What Does Tech Competency for Lawyers Really Mean?
Over the years of my career in technology and training, I’ve always held two beliefs about how people are measured when it comes to their use of the technology they have at work. The first, of course, is that “you get what you measure”.
So, for example, if you measure your support people by the number of tickets closed, you’ll get a whole lot of tickets closed, which may or may not represent actual problems solved.
The second belief I have had is that the rules are only rules if there are consequences. So, for example, if you create a training opportunity for an employee to learn “x” skill, which is required to do their job, and 6 months later, they still cannot actually do “X”, someone needs to be held accountable for that.

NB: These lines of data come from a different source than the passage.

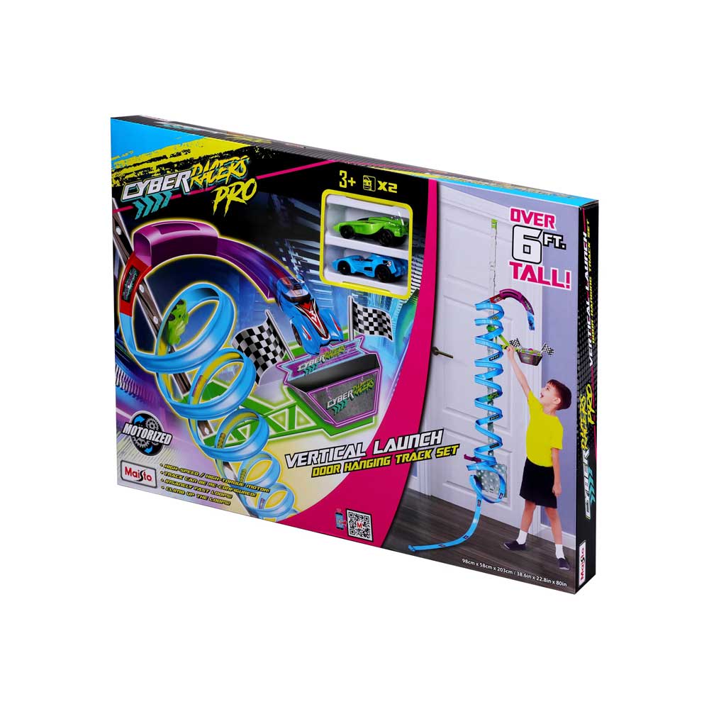 Приготви се да изстреляш количката си в стратосферата! Пистата Door Hoop виси от вратата с множество лупинги за изкачване, докато стигнеш до върха. Можеш ли да стигнеш до финалната линия? Състезавай се с включените две колички и виж кой ще победи! Включва две превозни средства с механизъм за издърпване Cyber ​​Racer, писта с 10 лупинга, конектори, закачалка за врата и връщаща секция с цел. Висока над 180см!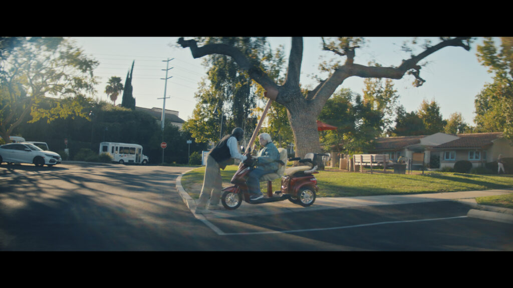 With Josh, while we were shot listing, he was literally editing the film in his head and pre-vis a lot of things with an iPhone and pre-shoot it. For instance, the scooter sequence. We went and we pre-shot the crash and the escape from the retirement home and all that just on our iPhone. Josh edited it together. We kind of see what works, what’s feeling a bit sloppy, what do we change, and then we go on to set with a perfect plan of what we’re going to do. I think that relationship is really beautiful.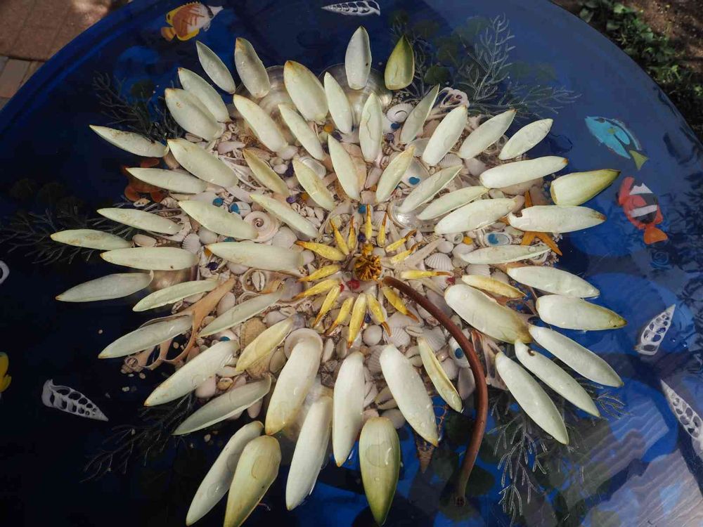 開花を終えたペリーズダブルイエローがあったので、花弁を一枚一枚並べてみる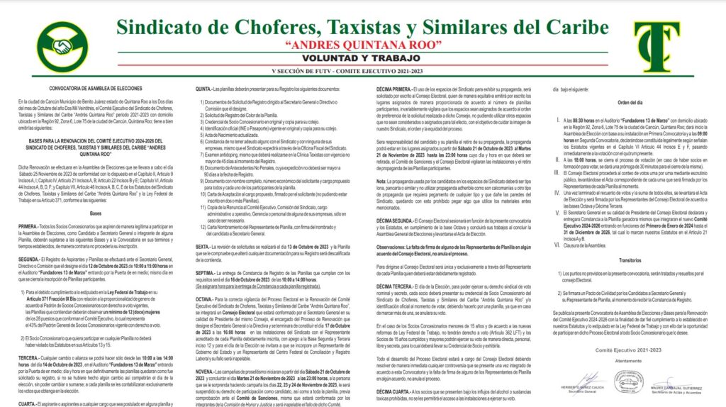 Cancún (Marcrix Noticias).- Se ha iniciado la batalla por el Sindicato de Taxistas de Cancún, donde al menos 3 mujeres buscarán la dirigencia; Alejandra Aguilar, Erika Castillo y Ruth Salazar, pero también está inscrito Salomón Alonso Muñoz.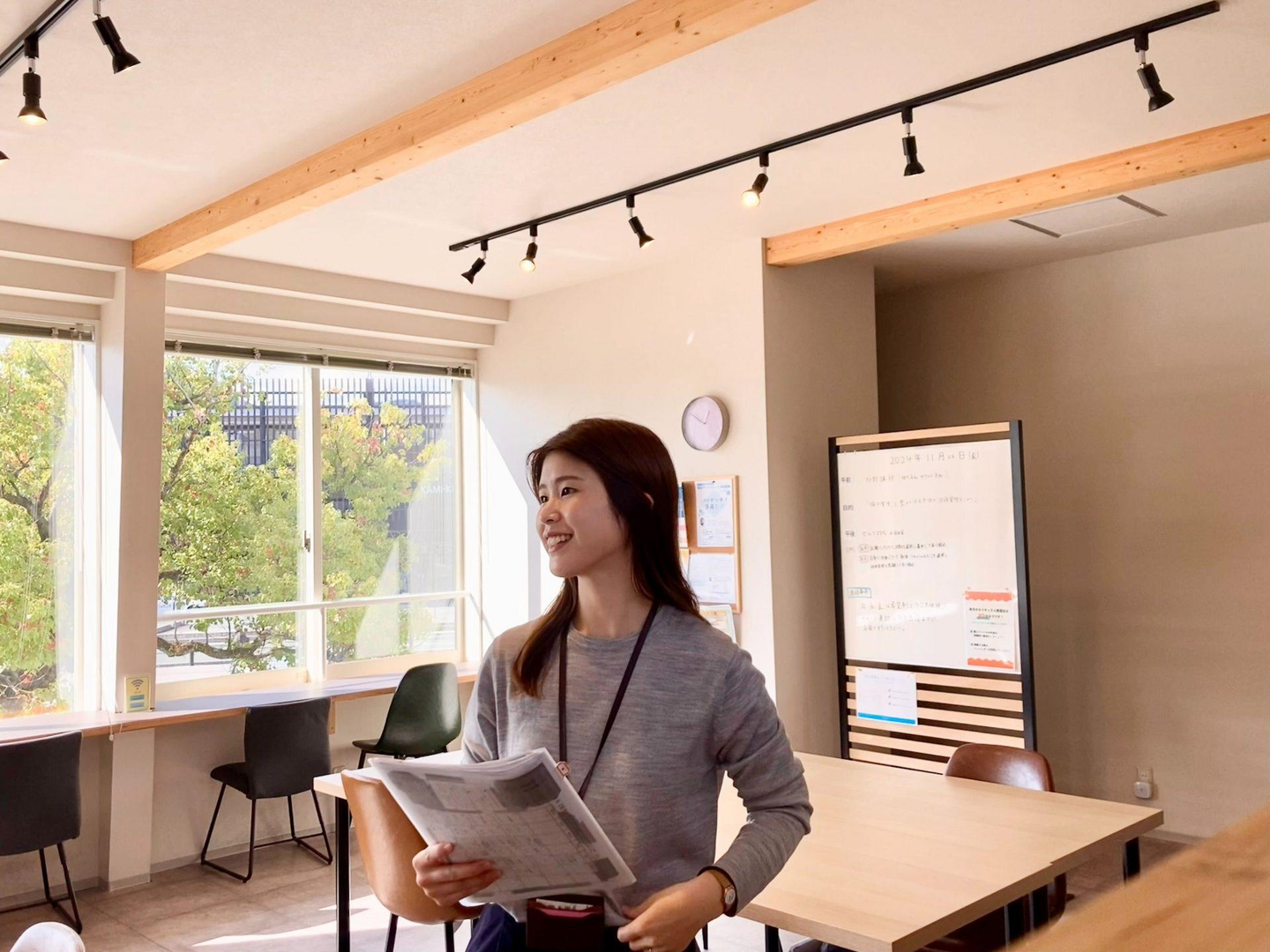 今まで障害福祉の分野では探してなかったのですが、目指している社会の考え方や価値観に共感できましたし、職場も家から近く、現場の雰囲気も開放的でオシャレでとても好印象を受けました。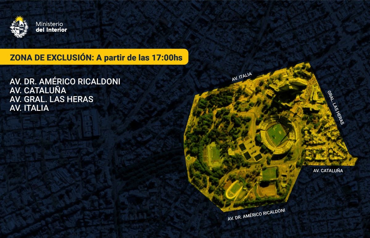 Nacional – Peñarol en el estadio Centenario con zona de exclusión desde la hora 17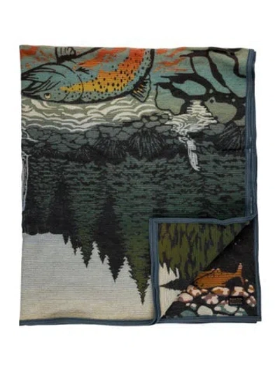 Grey and multicolored Pendleton throw blanket with aquatic motif at surface throughout, finished edges and brand tag at surface. Made in USA. | Pendleton Wool-Blend Throw Blanket in Grey/Neutrals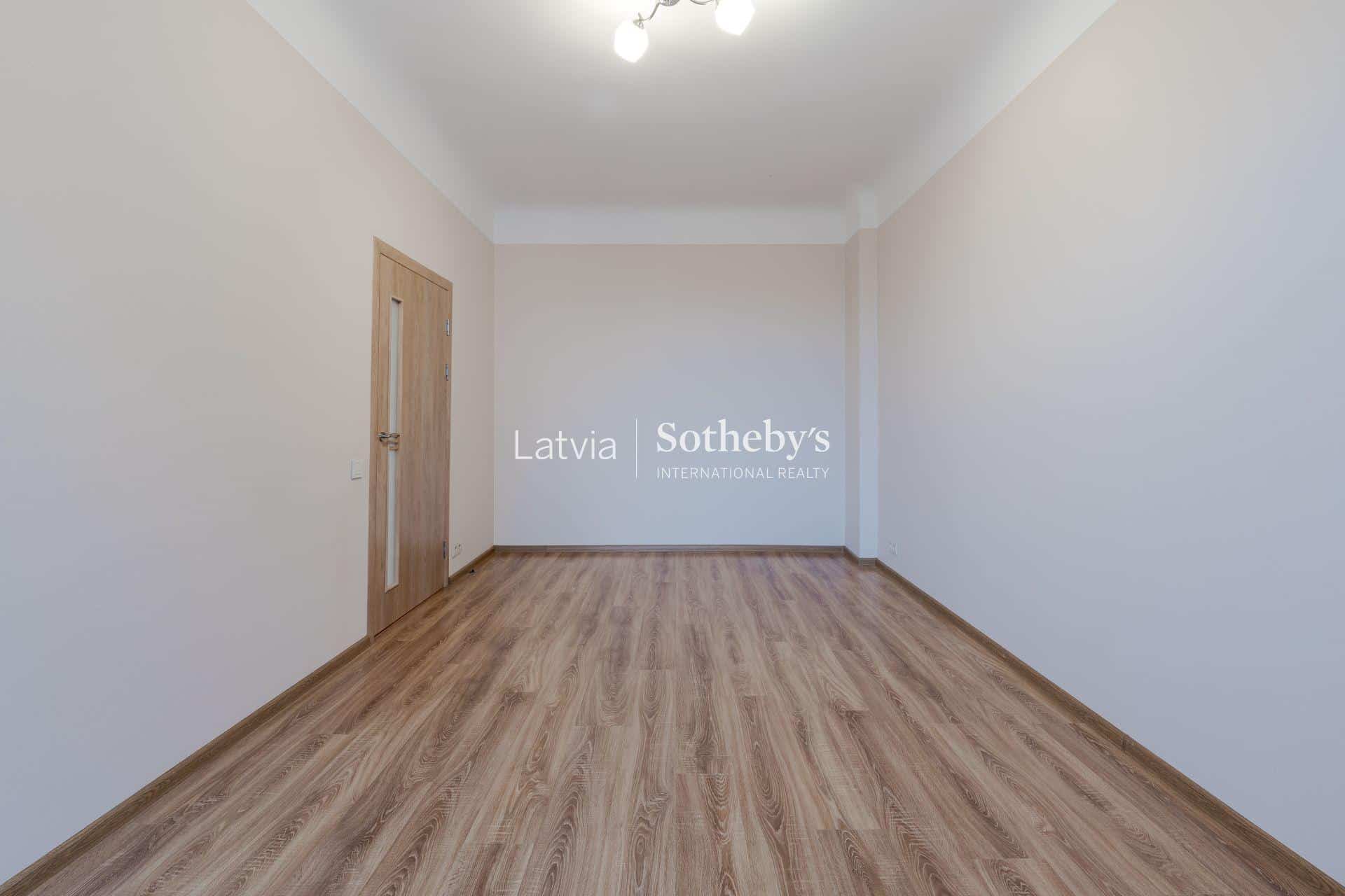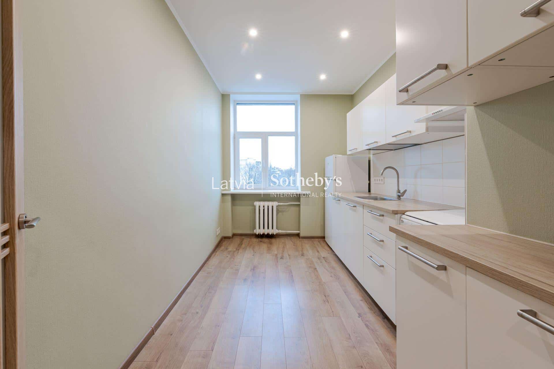 В квартире отдельная кухня, гостиная площадью 24.2 м² и спальня 18.4 м². Окна выходят на зелёные улицы Томсона и Нитаурес.

You can’t run a team by just shrugging your shoulders and saying “oh well” when someone is lacking the ability to do their job, or when someone leaks confidential information, or is careless with their login credentials, etc. At some point it ceases to be a rule if there are no consequences for breaking it.
And this brings me to the various state Bar Association rules when it comes to attorneys and tech competency. There are some set of rules, now across much of the US, that state that it is not ethical to represent a client without the necessary technical know-how to do the job properly. I have applauded those rules in this space, and will continue to do so. However, the longer we go without any clear examples of someone actually being held accountable for violating these rules, the more I start to wonder if it will wind up less of a rule, and more like a bunch of fancy words.
In the eDiscovery space, there have been a few sanction rulings over the years, and a few courts have smacked down some attorneys, but mostly that was for really egregious behaviors, not necessarily just being clueless about technology. There are still a whole lot of attorneys destroying metadata, and other useful information, during the discovery process due to pure ignorance than we probably want to admit. I am afraid that until a court really lays some penalties on it, or clients start to make lawyers pay by firing them for not being competent with regards to technology, we only have a bunch of fancy words, not a rule. Maybe I’m wrong, but I still see it and hear about these kinds of things across the industry all the time, despite what the rules say.
Do you have any concrete examples of these new rules being applied to a lawyer’s incompetence? I’d love to hear them.